Jordi Savall aux Etats-Unis, ambassadeur de la diversité culturelle

par Cinzia Rota | le 4 mars 2016

Jordi Savall est actuellement en tournée aux États-Unis avec un programme construit autour de la viole celtique dans les traditions musicale anglaises, irlandaises, écossaises et américaines. Il nous parle ici des spécificités de ce répertoire et de sa démarche de transmission et de préservation d’un patrimoine musical et culturel, qui se maintient grâce à des initiatives comme la sienne.

 

On associe habituellement la musique celtique au fiddle, mais en sait-on plus sur les autres instruments de ce répertoire ?

À l’époque on utilisait tous les instruments dont on disposait, c’est-à-dire le fiddle, la harpe irlandaise, la flûte et même la viole de gambe.
Dans des manuscrits comme le Manchester Gamba Book (vers 1660), nous retrouvons des informations plus précises sur tous ces instruments, jusqu’aux aspects les plus techniques, comme par exemple la façon de les accorder.

Turlough O'Carolan

Portrait du compositeur irlandais Turlough O’Carolan (1670-1738)

Effectivement, votre programme, tout comme vos deux albums The Celtic Viol et The Celtic Viol II, est organisé en différents sets, répertoires, instruments mais aussi accords.

Ce programme, qui s’appelle « Man & Nature: Musical Humors and Landscapes in the English, Irish, Scottish and American Traditions » (« Homme et nature : humeurs musicales et paysages dans les traditions anglaises, irlandaises, écossaises et américaines »), est en effet organisé en sets, déterminés par l’origine des pièces.

Dans le set Caledonia, tout est dans la même tonalité de si mineur, comme l’oeuvre centrale : Caledonia’s Wail de Simon Fraser (1773- 1852), un lamento pour le grand compositeur écossais Niel Gow (1727-1807), dont nous jouons le magnifique Lament for the Death of his Second Wife.

Le set Flowers of Edinburgh a un caractère plus vivant, c’est chanté, il y a des gigues. Dans les sets Musicall Humors, où l’on trouve des pièces de Tobias Hume (1579-1645), il y a un bourdon et j’accorde mon dessus de viole comme un luth.

Dans le set The Bells (les Cloches), je désaccorde la viole, et je joue en pizzicato avec les doigts de la main gauche.

Dans le set Donegal, dont le nom vient d’une région du nord de l’Irlande, on retrouve les grands maîtres du XVIIe siècle : Turlough O’Carolan (1670-1738) et Francis O’Neill (1848-1936), dont j’ai trouvé les sources dans des collections américaines.

Également lié aux États-Unis, le set Lord Moira comprend des pièces provenant du Ryan’s Mammoth Collection, un volume de plus de 1000 oeuvres publié à Boston en 1883. Ici, j’accorde la viole comme une cornemuse, pour chercher une sonorité un peu similaire.

Les paysages irlandais clôturent ce programme, avec des pièces anonymes en mi mineur.

 

Ryan’s Mammoth Collection, 1883

Ryan’s Mammoth Collection, 1883

La musique celtique a d’abord été transmise oralement puis notée à partir du XVIIe siècle. Comment avez vous intégré les différentes sources dans vos choix de répertoire et dans l’interprétation ?

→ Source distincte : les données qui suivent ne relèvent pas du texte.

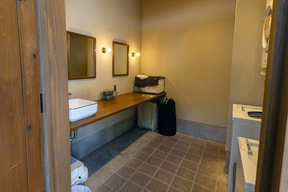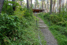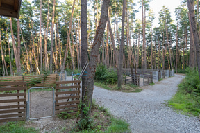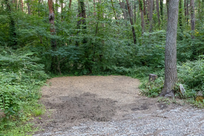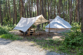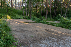 下段エリアは谷のような地形なので「森」という感じが強く、上段エリアより隠れ家的な雰囲気がある。また、下段エリアは1つのサイトのなかでも高低差があり(といっても激しくはない)、クルマを停める場所から1段高い位置にテーブルの展開やテントを張るスペースがあるサイトがある。これはこれでおもしろい使い方ができそうだが、クルマの種類によっては利用しにくさを感じることもあるかもしれないので、予約時に自分のクルマや装備展開のスタイルに向いているかどうか、施設に聞いてみるといいだろう。
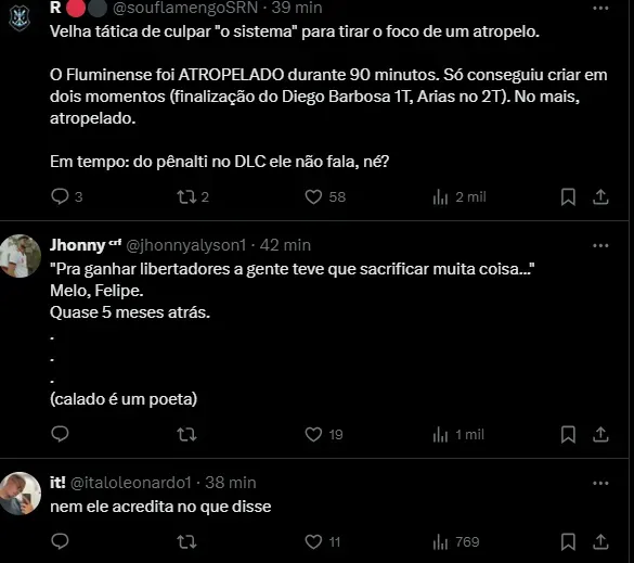 “Ai vem o bagre Melo falar “estavamos encaminhando para um possível empate””, “Segundo o Felipe Melo o empate estava próximo” e “Ainda tenho que ouvir entrevista do senhor Felipe Melo que antes da expulsão o Flu mandava no jogo”, foram alguns comentários.

Ma démarche est très similaire à celle qu’on a eue avec la musique baroque : jusqu’aux années cinquante, on jouait cette musique sur des instruments modernes, mais il y a eu un retour aux sources qui fait qu’aujourd’hui on utilise des instruments d’époque. De même pour la musique celtique, qui est actuellement influencée par les tendances pop et jazz, j’ai eu envie de revenir à une pureté, à la possibilité d’écouter cette musique telle qu’elle était jouée à l’époque, par exemple avec violon solo, éventuellement accompagné par une harpe.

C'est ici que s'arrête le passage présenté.